Opportunity also spent quality time investigating the composition of the local bedrock, effectively the northern end of Shoemaker Ridge that distinguishes Cape York. After taking a good long look at the bedrock target the team calls Amboy with her alpha particle X-ray spectrometer (APXS), the rover put her other spectrometer, the Mössbauer, on the same target to try and glean the amount of iron it may be harboring.
Just as the winter science campaign kicks into high gear, however, winter is stealing precious energy. The aphelion – the point in its orbit when Mars is furthest from the Sun (1.66598 AU, 249.2 million kilometers, 154.8 million miles) – is coming up February 15th, noted Arvidson, and then the winter solstice in the southern hemisphere of Mars occurs at the end of March.
"So the energy is down, and it's already taking a while to actually figure out what we can actually do on any given sol. We're having to make trade-offs,” Arvidson said. “How much radio science we can get in will become dicier and dicier as we move through February, but it is the number one science priority, and really the most important thing we can do this winter.” The radio science experiment could represent, he added, “a major contribution” to understanding of geophysics of Mars.

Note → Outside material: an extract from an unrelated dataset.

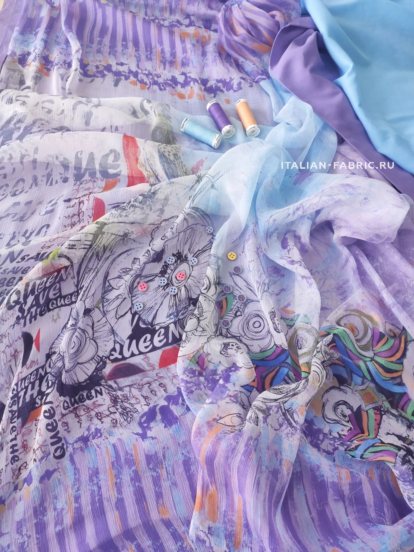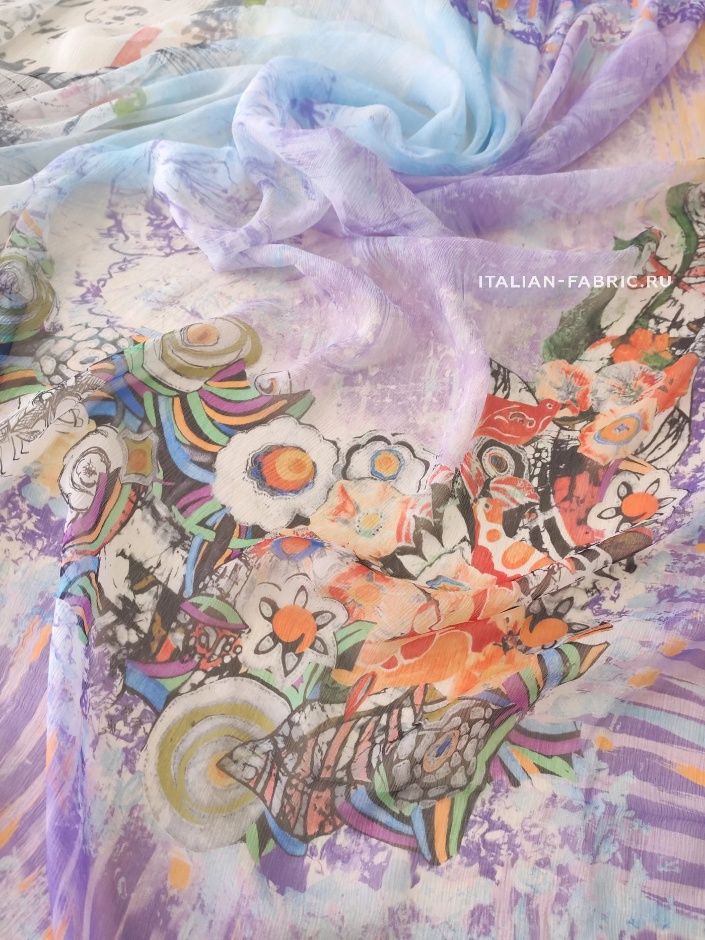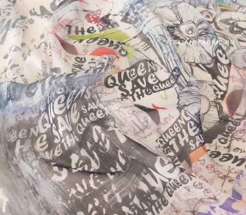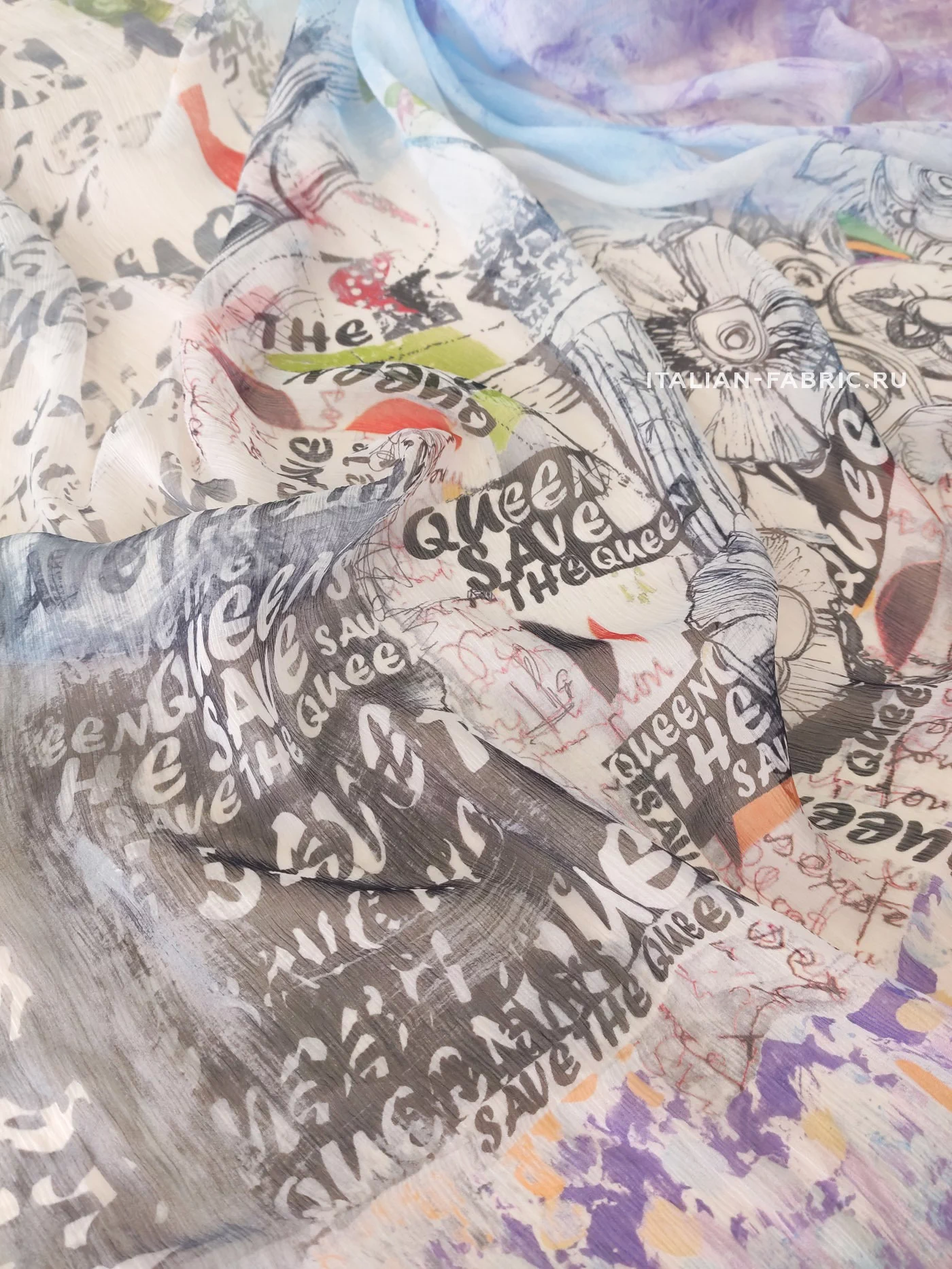 Эксклюзивный подписной шифон Save the Queen. Шелковый материал с оригинальной художественной эстетикой, свойственной итальянскому бренду. Полотно с цветами и птицами в стилистике картин постимпрессионизма богато красками и деталями. Графичные цветы и крупный часто повторяющийся логотип Save the Queen, будто написанные чернилами, придают стильный акцент материалу. Крешированная фактура шифона подчеркивает аутентичный рисунок полотна.

Turns out, aphelion – not the winter solstice – will be the coldest part of this Martian winter, the fifth for Opportunity, said Bill Nelson, chief of the rover engineering team at JPL, citing a recent analysis. “Once we pass the middle of next month we should see things slowly begin to warm up,” he said.
Eight years and counting, Opportunity’s outlook remains bright. Winter chills aside, the rover is healthy and there are no real concerns at the moment. "The rover is doing just fine," said Nelson. "She has an approximate 15-degree northerly tilt, which is almost as good as she could possibly get … and we are more or less where we were predicting. The dust factor is a little worse than we thought it would be. The Tau is a little higher than we thought it would be, both of which are not good. But energy is pretty much right as predicted,” he said. One reason is that Opportunity has been tapping into her battery less, so it's state of charge has been higher than predicted. “Because of that, we generated a bit more power, so we've managed to hold more or less on predict,” explained Nelson.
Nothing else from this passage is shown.